Following are examples of 3.0.1 in Hartshorne's textbook
If $X=\operatorname{Spec}A $ is an affine scheme, then
i) $X$ is reduced if and only if $\operatorname{Nil}A=0$
$(\Rightarrow)$ for every open in $U$ in X, $\mathcal{O}_X(U) $ has no nilpotent. Thus, take by $U=X$, $\mathcal{O}_X(X)=A$. Thus, $\operatorname{Nil}A=0$. The trouble is $(\Leftarrow)$. At the outset, I attampted to use contravariance propery of sheaf. since $U \subset X$, (for any open in $U$), $\mathcal{O}_X(U) \supset \mathcal{O}_X(X)=A $ , I expect to hold $\operatorname{Nil}\mathcal{O}_X(U) \subset \operatorname{Nil}\mathcal{O}_X(X)=\operatorname{Nil} A = 0 $...(★). However, (★) does not hold.
ii) $X$ is integral if and only if $A$ is an integral domain. : Also this has similar trouble .. $(\Rightarrow)$ is obvious by taking $U=X$, $\mathcal{O}_X(X)=A$ is an integral domain. But, $(\Leftarrow)$ is not easy for me.
The first idea is to show that if $A$ is reduced (resp. integral), then all its localizations are reduced (resp. integral).
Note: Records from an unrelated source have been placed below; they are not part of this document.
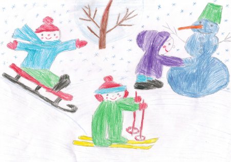 Детские рисунки зимние забавы детей
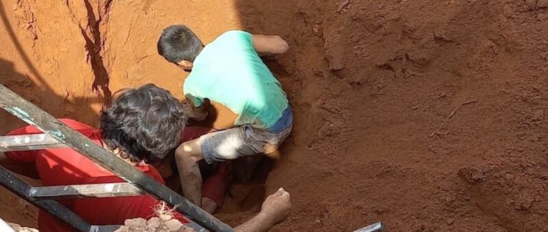 Un grupo, integrante de una misma familia, realizaba una excavación en el fondo de una casa, supuestamente para lo que sería un pozo ciego. Pero ante el aparente desconocimiento sobre el trabajo, la tierra les hizo una mala pasada que no olvidarán jamás.
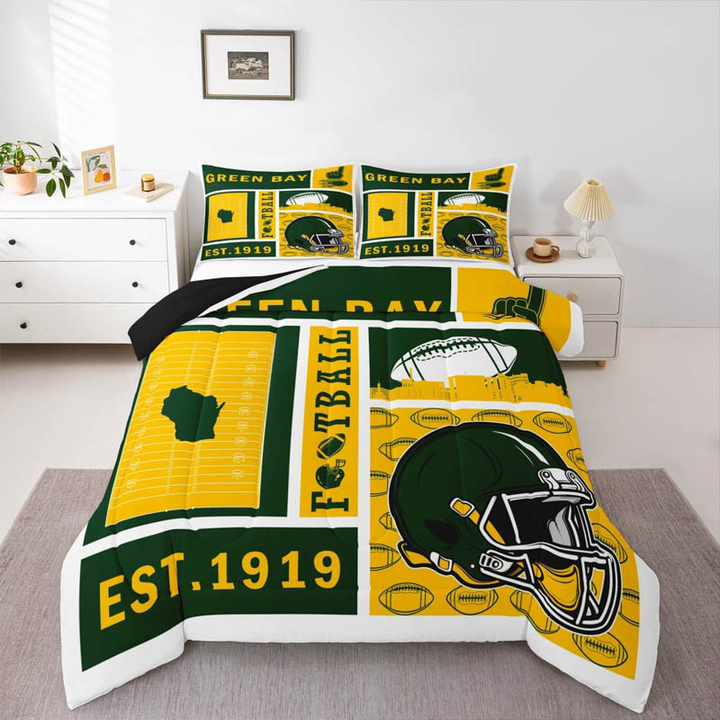 The green bay packers bed sets quilt sets quilts bedroom bedding set is a durable and soft bedding set made from breathable polyester microfiber. Designed for all seasons, the green bay packers bed sets quilt sets quilts bedroom bedding set offers lightweight warmth and comfort. The green bay packers bed sets quilt sets quilts bedroom bedding set includes a zipper closure for easy care and lasting convenience.
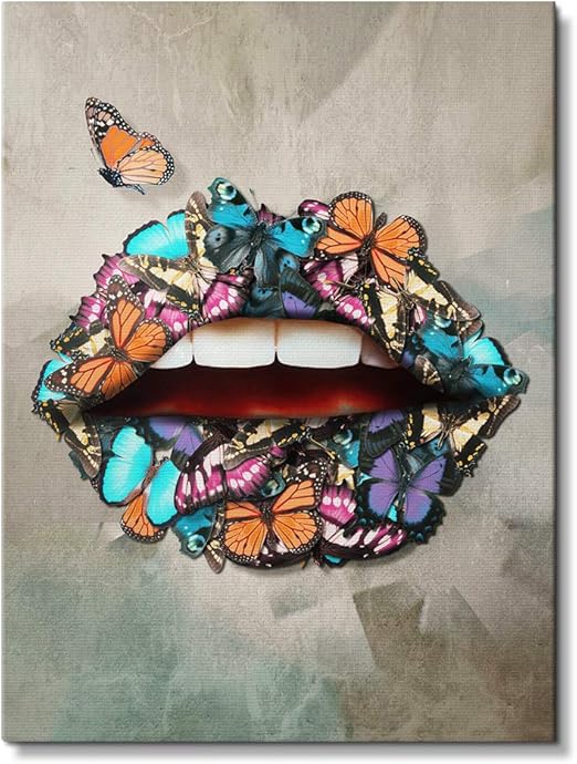 Amazon Com Ikonick Butterfly Lips Inspirational Canvas Wall Art

This shows $\Leftarrow$ for affine open subsets.
In the reduced case, $\Leftarrow$ follows formally from the statement for affine open subsets.
In the integral case, if $A$ is integral, then all restriction maps $\mathcal{O}_X(U) \rightarrow \mathcal{O}_X(V)$ are injective – start when $U$ is affine and $V$ principal in $U$, then extend to the case $U$ affine and any $V \subset U$, and finally show it for general $U$ and any $V \subset U$. The conclusion (of $\Leftarrow$) follows since the ring of global sections over any principal open subset of $X$ is integral.